A respeito do aval, preleciona Fábio Ulhoa Coelho, em seu Curso de Direito
Comercial, v. I:
"Duas são as características principais do aval, em relação à obrigação
avalizada: de um lado, a autonomia; de outro, a equivalência. O avalista
assume perante o credor do título uma obrigação autônoma, mas equivalente à
do avalizado" (12. ed. São Paulo: Saraiva, 2008, v. 1, p. 414).
Dessa forma, não se pode ignorar que suas condições de avalistas impedem os
recorrentes de discutir a origem da dívida ou apresentar exceções pessoais
do avalizado.
O art. 32 do Anexo I do Decreto n. 57.663, de 24.1.1966, que promulgou as
convenções para adoção de uma "Lei Uniforme" em matéria de letras de câmbio
e notas promissórias, dispõe:
"O dador de aval é responsável da mesma maneira que a pessoa por ele
afiançada".
Diante disso, a obrigação assumida pelo avalista se mantém, mesmo no caso de
a obrigação que ele garantiu ser nula por qualquer razão que não seja um
vício de forma.
O atual Código Civil reproduz esta orientação, que consubstancia um dos
alicerces do direito cambiário:
"Art. 899. [...]
§ 2º Subsiste a responsabilidade do avalista, ainda que nula a obrigação
daquele a quem se equipara, a menos que a nulidade decorra de vício de
forma".
E, ainda, nesse sentido salienta Fábio Ulhoa Coelho:
"Da autonomia do aval seguem-se importantes conseqüências. Em primeiro
lugar, a sua existência, validade e eficácia não estão condicionadas à da
obrigação avalizada. Desse modo, se o credor não puder exercer, por qualquer
razão, o direito contra o avalizado, isto não compromete a obrigação do
avalista. Por exemplo, se o devedor em favor de quem o aval é prestado era
incapaz (e não foi devidamente representado ou assistido no momento da
assunção da obrigação cambial), ou se a assinatura dele no título foi
falsificada, esses fatos não desconstituem nem alteram a extensão da
obrigação do avalista. (...) Também em decorrência da autonomia do aval, não
pode o avalista, quando executado em virtude do título de crédito, valer-se
das exceções pessoais do avalizado, mas apenas das suas próprias exceções
(por exemplo, pagamento parcial da letra, falta de requisito essencial
etc.)" (op. cit., p. 415).
Assim, conforme já pontuado pelo ilustre Juiz de primeiro grau, o fato de
ter ocorrido a sucessão da empresa, mesmo considerando a notificação enviada
ao banco requerido, não está a eximir os ora recorrentes da responsabilidade
assumida através do aval por eles lançado no título, haja vista a autonomia
e independência da garantia.
Nesse sentido, já decidiu o eg. Superior Tribunal de Justiça:
"Execução. Nota promissória. Avalista. Discussão sobre a origem do débito.
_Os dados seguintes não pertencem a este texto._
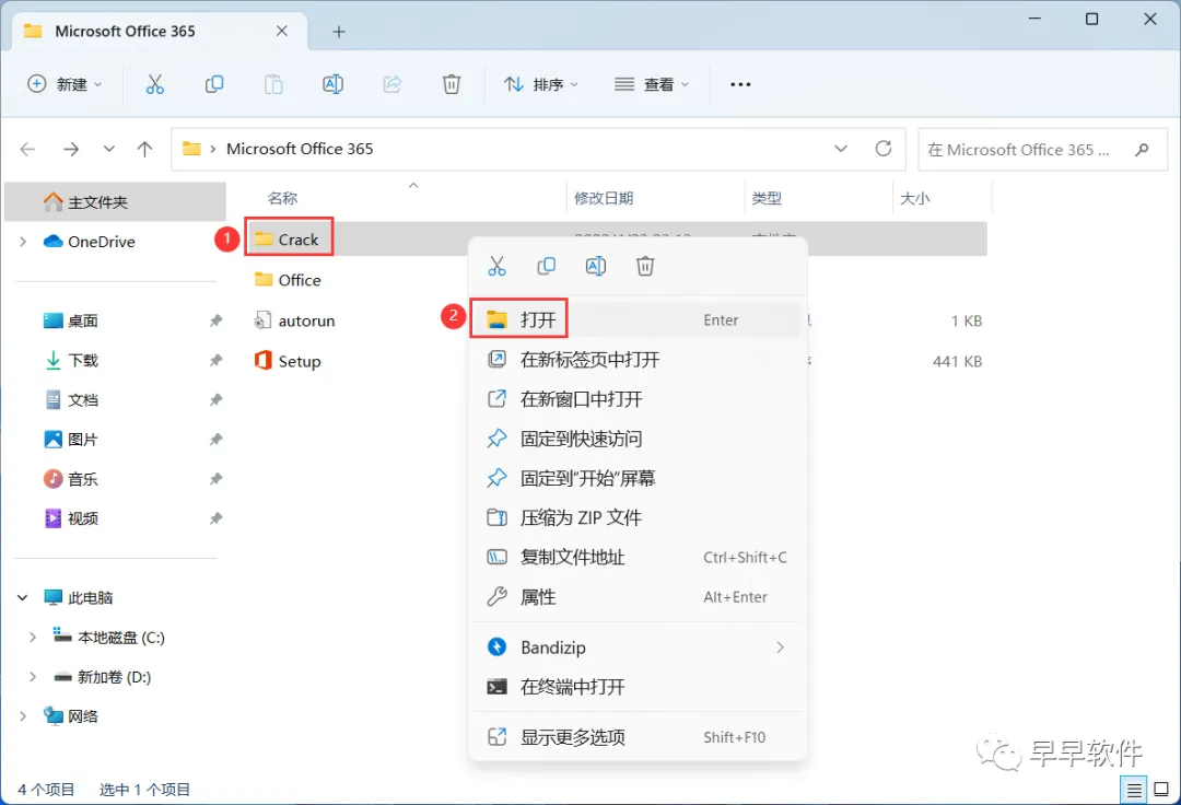 6、回到Microsoft Office 365文件夹,找到【Crack】文件夹,右键【打开】它

Inadmissibilidade. Ônus da prova. - O aval é obrigação autônoma e
independente, descabendo, assim, a discussão sobre a origem da dívida.
Instruída a execução com título formalmente em ordem, é do devedor o ônus de
elidir a presunção de liquidez e certeza. Recurso especial conhecido e
provido" (Recurso Especial n. 190.753 / SP, 4ª Turma, Rel. Min. Barros
Monteiro, j. em 28.10.2003).
Assim, configurada a condição de avalistas dos apelantes em relação à cédula
de crédito industrial de f. 11/18, bem como preenchidos os requisitos legais
de validade do título e da garantia ofertada, o decreto de improcedência do
pedido de declaração de inexistência da relação ali avençada era mesmo
medida que se impunha.
Pelo exposto, nego provimento ao recurso.
Custas, pelos apelantes.
Votaram de acordo com o Relator os Desembargadores Unias Silva e Elpídio
Donizetti.
Súmula - NEGARAM PROVIMENTO AO RECURSO.